Filmmaker: It’s the most traditional film you’ve ever made.

von Trier: Yeah, yeah, but that’s because it is some kind of a homage to these films. Especially the ones that are not sort of corny, so you say “Ha, ha, ha!” all the time, but just is carried by a story and a mood, which I like very much. Also Bringing Up Baby I remember, and The Odd Couple was also fantastic – but that was maybe more ha-ha. There are actually some of these films that are kind of moody, but still funny so you laugh all the time.

Filmmaker: I don’t think those would be films that people would expect you to like.

von Trier: But it is films like that that I will see again and again. It’s like hearing pop music. We were taught in film school that The Shop Around the Corner was the best film in the world. So, I listened a little!

Filmmaker: You have Jean-Marc Barr and Fridrik Thor Fridriksson, both of whom are directors, acting in this film, and you gave Jørgen Leth filmmaking tasks for The Five Obstructions. Do you particularly like directing directors?

von Trier: [laughs] Jean-Marc was there because he’s always there, only to come up and say hello. He’s the godfather of my two boys. Fridrik is just a crazy guy that everybody when they read the script said he [the grim Icelandic businessman] should look like him. I don’t think he really has acted before, not very much. I think he’s very Icelandic, very authentic. It’s actually very far from his own personality to shout, because he’s always very funny and most of the time very drunk at festivals. But he actually had to work a lot to find out how to yell. I don’t think he’d ever tried it.

Filmmaker: You’ve said before that “A film should be like a rock in the shoe”, but this doesn’t really feel like that.

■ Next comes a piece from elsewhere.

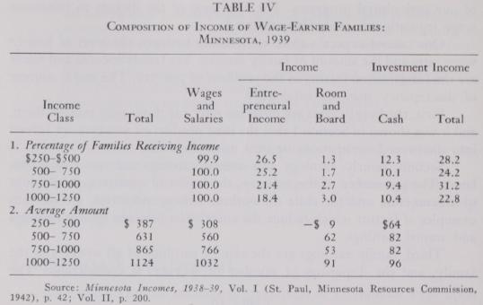 Fourth, although wages are, of course, the chief component of the income of low-wage families, they are by no means the only component. It is indicated in Table IV that a tenth of the wage-earner families had cash investment income, a quarter had entrepreneural income, and a quarter owned their homes.

von Trier: No. So maybe it’s not a film. It’s a tiny rock, if it is. But I still tried with the images to destroy somehow for everybody.

Filmmaker: Where did the idea for Automavision come from, and how easy was it to implement?

von Trier: Earlier in my career, I worked with a lot of very complicated tracking and craning, and at a certain point I had enough of that. If you are a perfectionist, which we all are at some point, then you have go on and do this better and better and better, but you can never control it. You can get 70% of your idea, you can get 80, you can get close to 100, but you can’t really say “This is it.” So I was so happy when the trend said it should be handheld camera, because that suited me very well. Here the only principle I use, especially when I film myself, is that I just point the camera in the direction of where something interesting is happening. After doing all this framing, I was very anti-framing for a long time. And then I found out that this computer system could help me not to frame, even though I had a fixed camera.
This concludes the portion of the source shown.